- IATA: IQM; ICAO: ZWCM;

Summary
- Airport type: Public (closed)
- Operator: Civil Aviation Administration of China
- Location: Qiemo, Xinjiang, China
- Elevation AMSL: 1,252 m / 4,108 ft
- Coordinates: 38°8′58″N 85°31′58″E﻿ / ﻿38.14944°N 85.53278°E

Map
- Qiemo Airport Qiemo Airport

Runways
| Direction | Length |  | Surface |
| m | ft |
| 01/19 | 1,700 | 5,577 | Asphalt |

= Qiemo Airport (former) =

Qiemo Airport was an airport serving Qiemo Town in Xinjiang Uyghur Autonomous Region, China.

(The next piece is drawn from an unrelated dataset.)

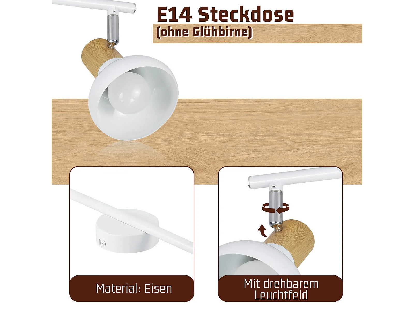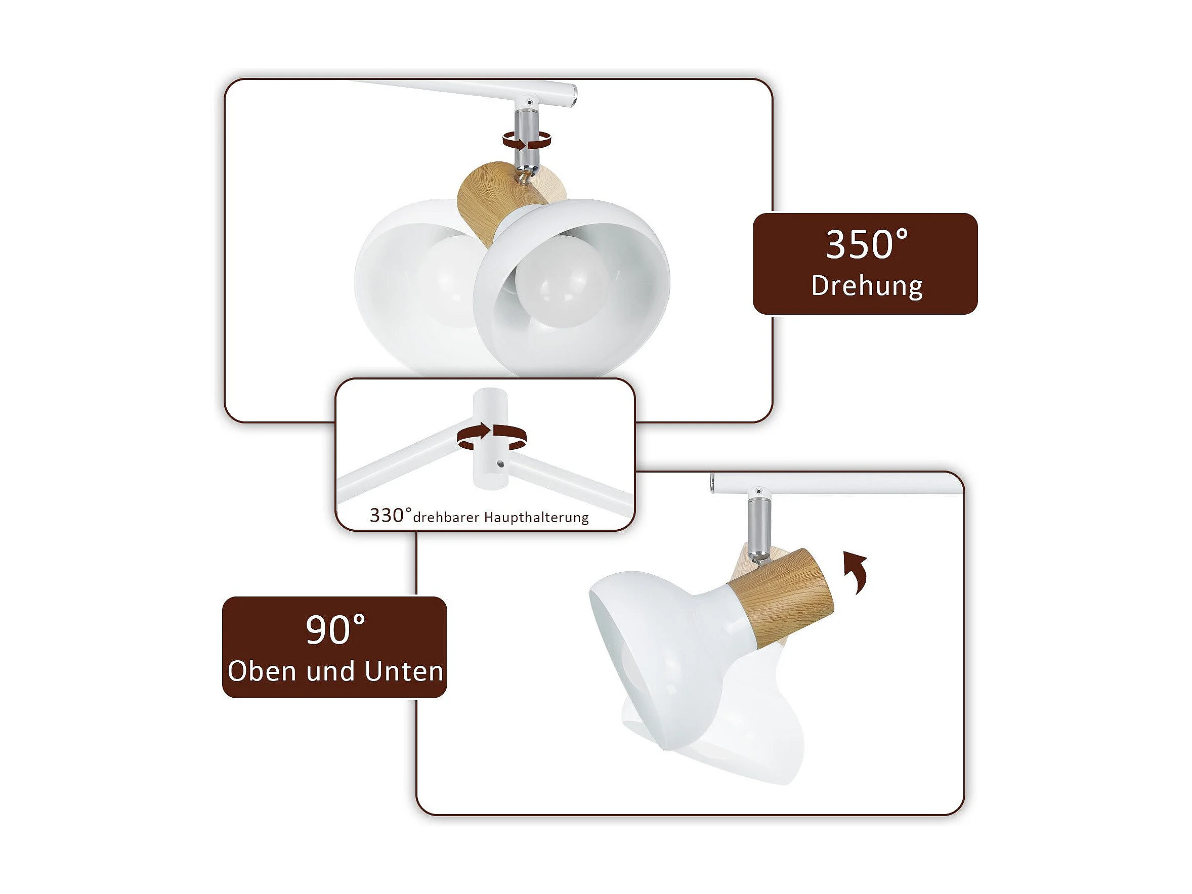 NETTLIFE Faretto da soffitto vintage E14 per interni, orientabile a 350°, bianco, stile industriale, 6 luci

After passenger service to the airport ended in 2011, a 2012 CAAC report stated that Qiemo Airport had been closed. It was replaced by Qiemo Yudu Airport in December 2016, where Qiemo Town regained commercial air service.

==History==
Qiemo Airport received its last passenger flights in 2011. In the same year, civil aviation officials in Xinjiang announced that a new airport would be built to serve Qiemo Town. In its 2012 Civil Aviation Development Statistics Bulletin, the CAAC reported that Qiemo Airport had been closed. The new airport, Qiemo Yudu Airport, opened on 19 December 2016, where commercial air service to Qiemo Town resumed. The new airport has a runway longer than that of Qiemo Airport.

== Infrastructure ==
The airport resided at an elevation of 1252 m above mean sea level. It had one paved runway with dimensions 1700 × 25 m.